A randomized, double‐blind, placebo‐controlled trial of 5‐fluorouracil for the treatment of cervicovaginal human papillomavirus

Objective To compare intravaginal 5‐fluorouracil (5‐FU) and placebo for the treatment of cervical and/or vaginal human papillomavirus (HPV). Methods A randomized, placebo‐controlled trial was performed. Women with HPV detected visually or by Papanicolaou (Pap) test and confirmed by colposcopic biopsy were randomized to receive either intravaginal 5‐FU cream or an intravaginal placebo cream. Women with cervical or vaginal intraepithelial neoplasia were excluded. The primary outcome measure was cytologic regression of HPV as determined by Pap test screening 4 to 6 months after treatment. The secondary outcome was cytologic evidence of disease progression at both the 4–6‐month and 12‐month follow‐up evaluations.

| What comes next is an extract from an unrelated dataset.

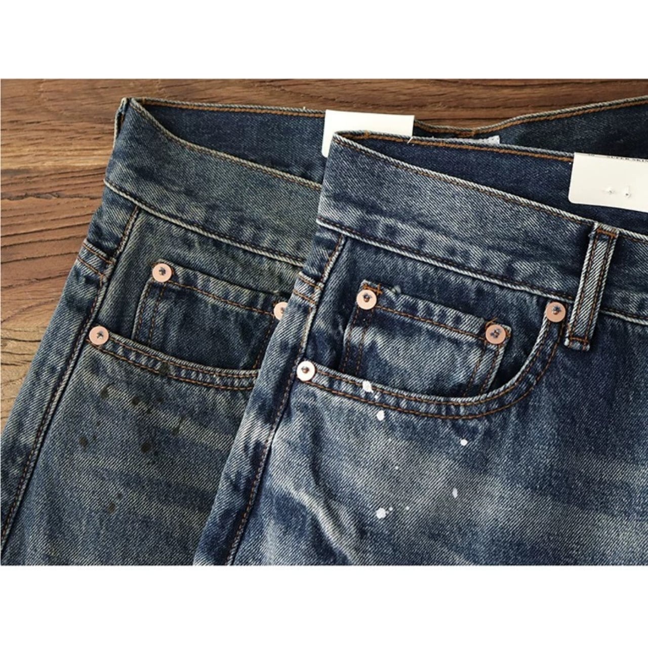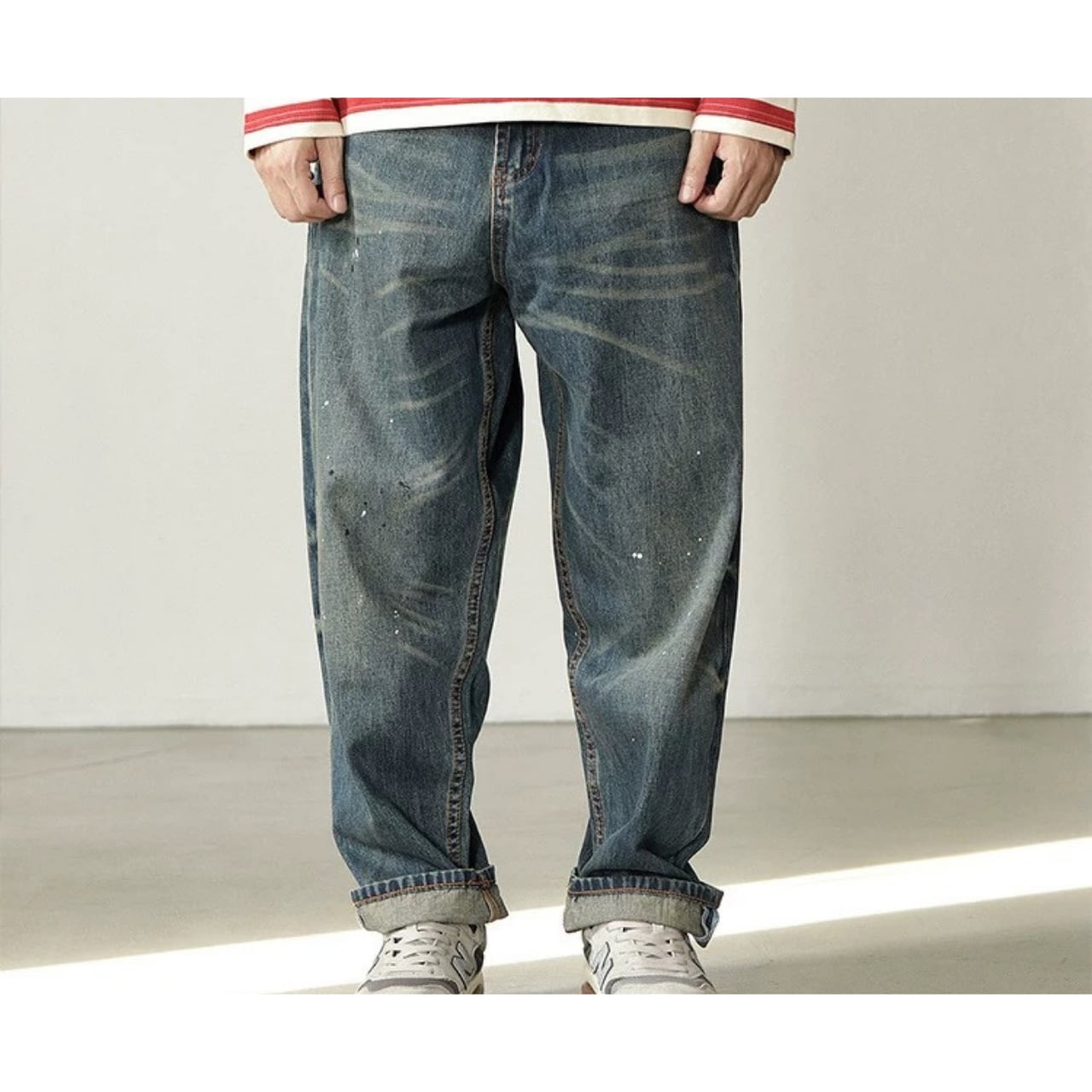 ペイント加工 ワイドレッグ ストレートパンツ 00146

Data were analyzed using the Chi square test with significance established at P < 0.05. Results A total of forty patients were randomized, and thirty patients had a follow‐up Pap test 4 to 6 months after treatment. Of those patients treated with 5‐FU, 28% demonstrated regression of HPV on cytologic evaluation, compared with 69% of those treated with placebo ( P < 0.05). Twelve‐month follow‐up cytology was available from 18 of the study participants. There were no significant differences in the frequency of cytologic progression or regression between groups at 12 months. Conclusion Four to six months post treatment, the use of intravaginal 5‐FU for the treatment of cervical or vaginal HPV is associated with a lower rate of regression than the use of placebo. Infect. Dis. Obstet. Gynecol. 7:186–189, 1999. © 1999 Wiley‐Liss, Inc.